• _WORK TASK_
Give the lines again exactly as they appear, from the first line of the listing through the line containing "8月22日,在安徽省合肥市庐", and omit every picture.

• _PROVIDED ENTRIES_
#####
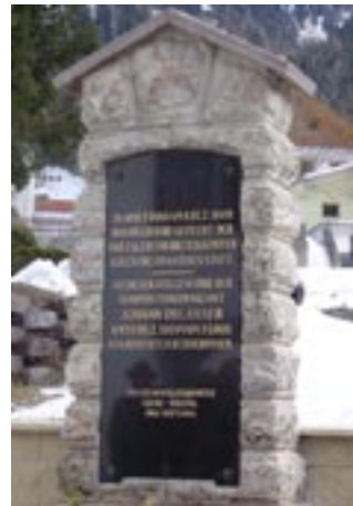
Das Denkmal steht an der Hinrichtungsstätte beim Aineter Hof
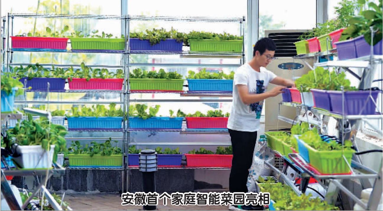
8月22日,在安徽省合肥市庐阳区三十岗乡东华农科,工作人员在智能菜园里察看蔬菜长势。近日,合肥市庐阳区三十岗乡东华农科成功研发出安徽省首个家庭智能菜园。 阳台、客厅、卧室、或办公室,一年四季皆可种植。

报告;不准利用行政权力、行政职能和垄断地位,以服务为名,以签订自愿服务协议等形式搭车收费、变相收费;不准通过设置不合理的市场监管和准入条件,拒绝引入有资质的专业服务机构,垄断经营、指定服务、强制收费;不准在法检过程中的同一环节、同一项目,存在2个以上单位重复取样、检验报告一单多用、重复收费等情况;不准超越经营服务范围收费,不准只收费不服务或少服务等;不准对收费目录清单和收费公示之外的项目收费;不准对未明码标价的项目收费;不准有利用标价进行价格欺诈等不正当的价格行为。 同时,通知要求质检部门所属协会、学会等社会团体不准强制或变相强制企业入会并收取会费;不准展览或变相强制企业参加各类会议、培训、展览、考核评比、表彰、出国考察、赞助、捐赠、订购刊物等活动并收费。
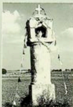
Kapliczka w okolicach Małazyc
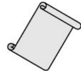
Quick Start (This Document)
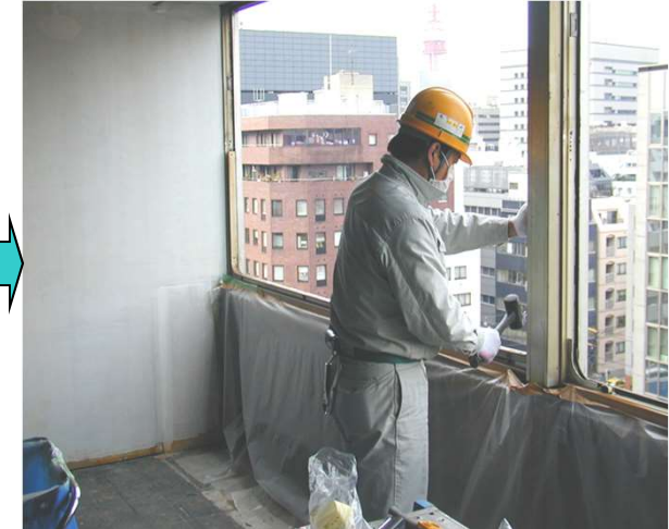
24, 枠ウェザリングを取り付けるピボットヒンジを取り付けて枠の作業完了
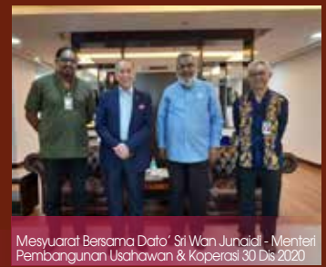
Mesyuarat Bersama Dato' Sri Wan Junaidi - Menteri Pembangunan Usahawan & Koperasi 30 Dis 2020
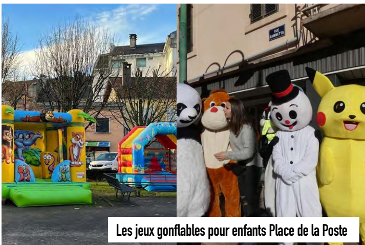
Les jeux gonflables pour enfants Place de la Poste
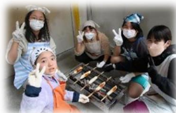
ヤマサちくわの出前講座 【4年生】
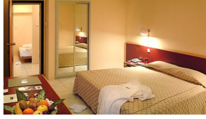
Resim 1.3: Connecting room
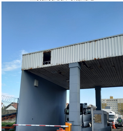
Figura 2: Imagem frontal aproximada da cobertura metálica da Portaria 2
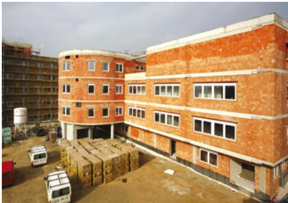
Výstavba nemocnice v Klatovech patří mezi projekty, které budou finančně podpořeny Evropskou unií v rámci 5. výzvy Regionálního operačního programu Jihozápad.

na vybudování nové mateřské školy,“ konstatuje Jiří Struček, člen regionální rady a náměstek hejtmana Plzeňského kraje pro oblasti školství, mládeže a sportu. Kompletní seznam podpořených projektů je zveřejněn na internetové adrese www.rr-jihozapad.cz .
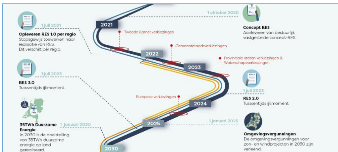
Figuur 1: RES op weg naar 2050

De partners van het Zeeuws Energie Akkoord (ZEA) staan daarmee voor de opgave om de RES 1.0 uit te voeren en tegelijkertijd de RES 2.0 te ontwikkelen. In voorliggende notitie wordt een procesvoorstel gedaan voor het opstellen van de RES 2.0.
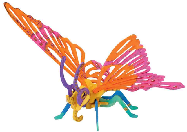
3D Puzzle "Schmetterling", Anwendung
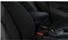
Передній центральний підлокітник S0473
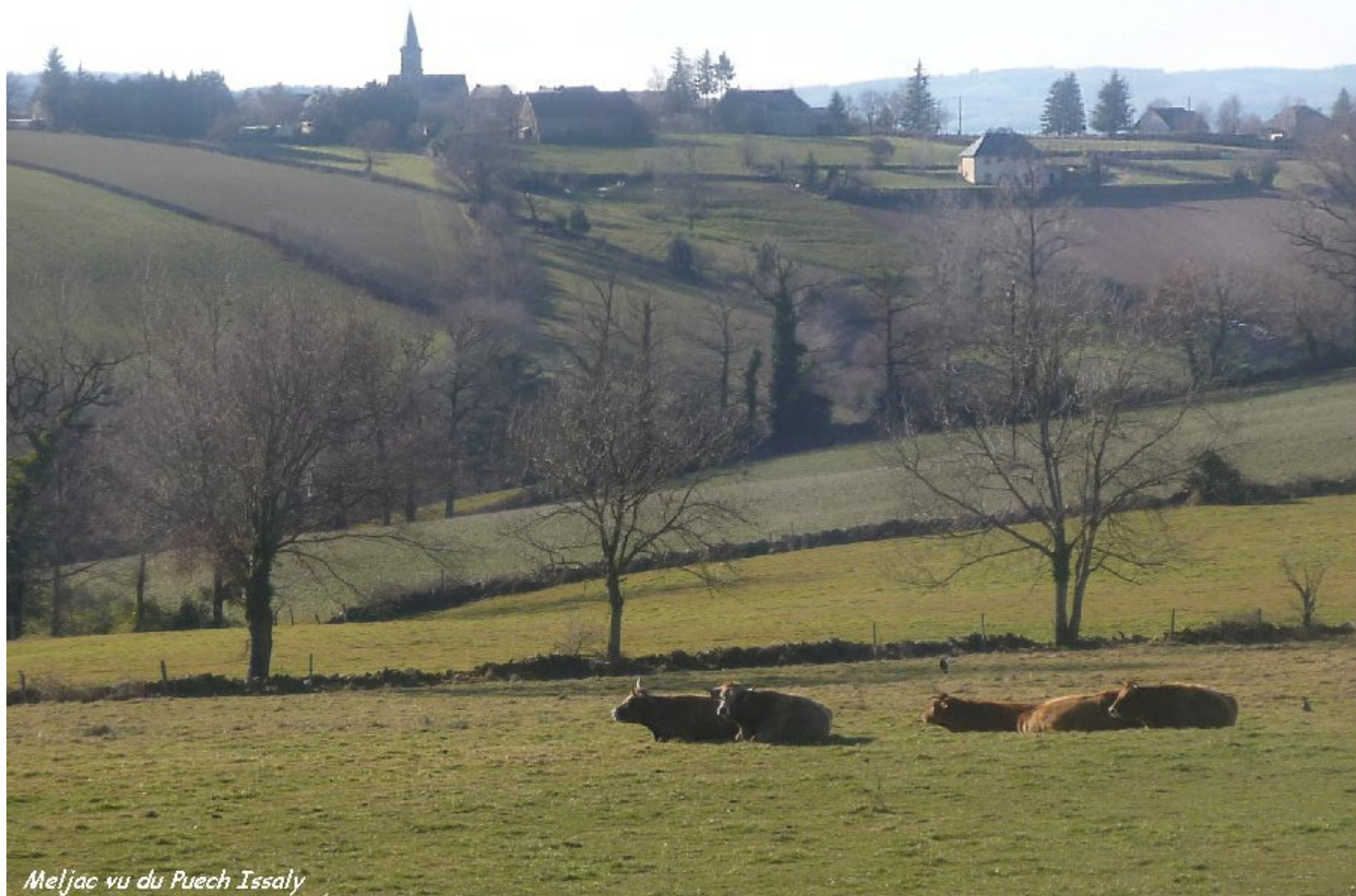
Meljac vu du Puech Issaly
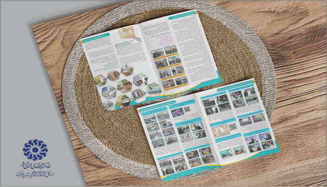
گروه تخصصی پژوهش‌های کتابخانه‌های استان مرکزی

بررسی جامع این گزارش نشان می‌دهد اداره کل کتابخانه‌های عمومی استان مرکزی طی چهار سال گذشته با رویکردی توسعه‌گرا و مبتنی بر بهره‌وری، توانسته است ضمن ارتقای شاخص‌های عملکردی، جایگاه کتابخانه‌ها را به عنوان نهادهای فرهنگی و اجتماعی اثرگذار تثبیت کند. تداوم این روند، به‌ویژه با تکمیل پروژه‌های زیرساختی از جمله کتابخانه مرکزی اراک و تقویت مشارکت‌های مردمی، می‌تواند افق روشنی برای توسعه فرهنگ مطالعه و ارتقای سرمایه اجتماعی در استان مرکزی ترسیم کند.
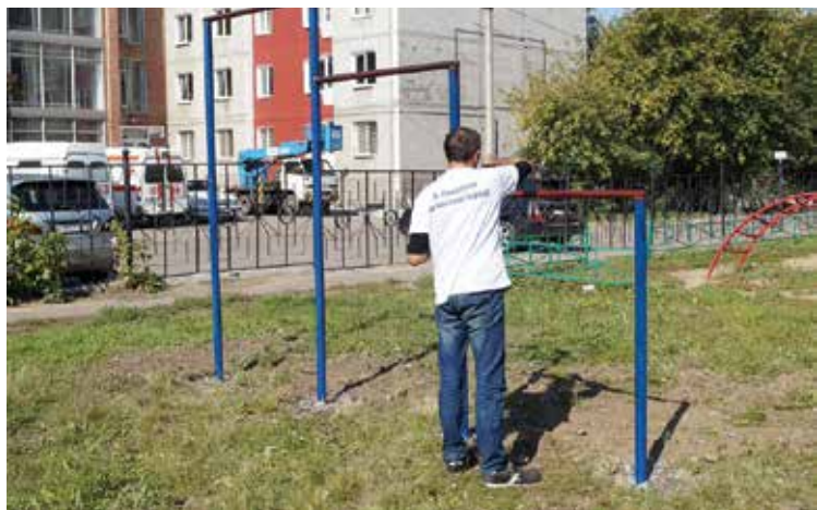
Покрасить турник или починить скамейку — дело быстрое и незатратное, но двор после этого действительно преображается
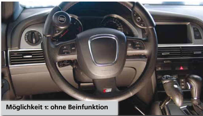
Möglichkeit 1: ohne Beinfunktion

Durch einfaches Umstecken des Standard-Drehknopfes und des kabellosen Infrarot-Multifunktionsdrehknopfes 1 oder 2 (Fernbedienung für die wichtigsten Funktionen wie Blinker, Wischer, Licht, Hupe usw.) stellen Sie Ihr Fahrzeug in wenigen Sekunden auf die Bedürfnisse Ihres Fahrschülers ein (Abbildungen zeigen MFD2, Drehknopf und Multimag in Designlinie).
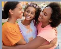
Identidade negra e estudantil, ganha força!

Aqui reunimos algumas reportagens, eventos e interações atuais de ações jovens que estão em curso, especialmente provocada pelo e para estudantes de escolas públicas pelo país.
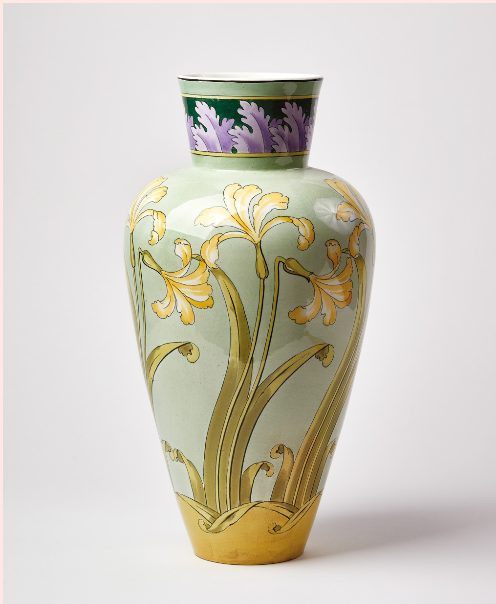
| Vase, conçu par Pierre Blanc, peint par Antoine Jans et réalisé en faïence fine par Villeroy & Boch, Septfontaines-lez-Luxembourg, après 1895 – MNAHA

Parallèlement, beaucoup d'artistes importent au Luxembourg des concepts créatifs provenant de l'étranger, soit par le biais d'œuvres individuelles, soit par l'enseignement de fondements théoriques ayant des répercussions à plus long terme. Mais la diffusion de l'Art nouveau dépend largement des commanditaires et des acquéreurs, ainsi que de leurs attentes. Cette situation a entraîné la coexistence de courants stylistiques variés, phénomène également constaté dans les pays voisins.
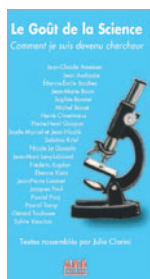
Textes rassemblés par Julie Clarini LE GOÛT DE LA SCIENCE, COMMENT JE SUIS DEVENU CHERCHEUR Alvik éditions 2005 16 euros
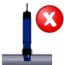
Vertical (90°) dans tuyauterie horizontale
#####
• _EXERCISE SOLUTION_
Das Denkmal steht an der Hinrichtungsstätte beim Aineter Hof
8月22日,在安徽省合肥市庐阳区三十岗乡东华农科,工作人员在智能菜园里察看蔬菜长势。近日,合肥市庐阳区三十岗乡东华农科成功研发出安徽省首个家庭智能菜园。 阳台、客厅、卧室、或办公室,一年四季皆可种植。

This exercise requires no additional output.